10 books that made me a better product manager

That weren’t really about product management


I never set out to be a Product Manager. In fact I never even really knew what it was until someone told me I was one. This just a quirk of fate and luckily I loved what I did and having a name for it opened up a world of opportunities to learn more.

I have never really worked anywhere where product management was an established role so I have just kind of gone my own way and defined my own remit and judging by what I read I tend to pick a bit from a whole bunch of different job descriptions, shake the bag up a bit and then take it from there.

Agile Coach, Product Evangelist, Hiring Manager, Social Media officer, User Researcher. There is a little bit of all of them and more in how I work and the following books are at least a little to blame for that →

  1. The Lean Start-up — OK so it has a lot to answer for and has probably spawned more bullsh*t blogposts and dodgy start-ups than anything ever written but actually it is full of gems and I am now working somewhere where even more of it makes sense.
  2. Turn the Ship Around — the best book I’ve read about new approaches to leadership and team working. The fact it is about leading the crew of a nuclear submarine is almost by-the-by (but does make it pretty interesting!).
  3. The Phoenix Project— this was the first business book I had read that took the narrative, story-telling approach.
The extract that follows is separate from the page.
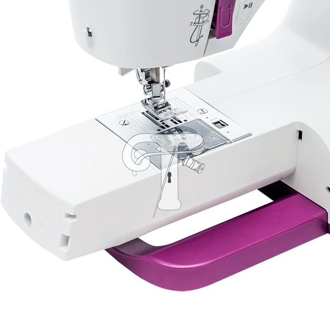 Características 439 pontos embutidos Sistema de bobina drop-in horizontal Cortador de linha inferior automático Pé de caseado eletrônico Display LCD extra grande com luz de fundo 3 conjuntos de pontos de número alfa com 2 bancos de função de memória 13 estilos de casa de botão Controle de velocidade com botão Iniciar / Parar Mesa de extensão de costura de agulha dupla para passador de agulha automático

It was also the first book that really explained to me what the hell DevOps was and the real meaning of ‘lean’.
  4. Radical Focus — this was the second business book I read that tok the narrative, story-telling approach. It really explains the OKR approach to prioritisation and why it can be so successful. I was pretty non-plussed about the concept before this book but now I am a total convert.
  5. Sprint— I was actually introduced to the Google Ventures approach to Design Sprints long before this book via a talk by Dan Ramsden from the BBC. I’m a big fan of the approach — it isn’t for everything or everyone but it is valuable tool and generally just a good framework for user-centric working even if you ignore the all in five days element!
  6. The Everything Store — there is a lot about the Amazon way that is pretty icky particularly that they treat their staff dreadfully from the warehouse to meeting room to the data centre. This book though is a really insightful into how they became the colossus they are today and how a militant focus on the customer was a massive part of that.
  7. Work Rules— on the one hand any book about hiring, organisational culture and staff development that is almost entirely about Google is not going to be that transferable. After all they are a place people queue up to work, with significant salaries and the opportunities to really work on huge projects. Most of us don’t have those advantages. That said Google are far from perfect, do some odd things and alienate their share of candidates as well. This book shows both sides of that and is a really great primer for why making hiring a major priority is so important if you ever want to be successful.
  8. Little Rice — Clay Shirky’s tale of the rise of Xiaomi, the Chinese mobile manufacturer, is an amazing story that again demonstrates how a total focus on being customer-centric, reacting to feedback and operating at pace can power an ascent past more established competition in hardly any time.
  9. Linchpin— Like many of Seth Godin’s work this is more pamphlet than book and mainly consists of a handful of key ideas but what I found incredibly useful when I first read it a few years ago is that it seemed to endorse the kind of role I was creating for myself. The idea of being the connector, the centre of a network. Of being open and sharing for the benefit of the organisation and in doing so becoming a ‘linchpin’ was all extremely reassuring.
  10. Creativity Inc— Who the hell wouldn’t want to learn from Pixar. If anything you do is the slightest bit creative or you work in any kind of collaborative environment then this is a must read. Sure it can be a bit down-heartening when you compare what they are up to with your own experiences but they are Pixar after all! It is inspiring and not without usable nuggets that are worth a try.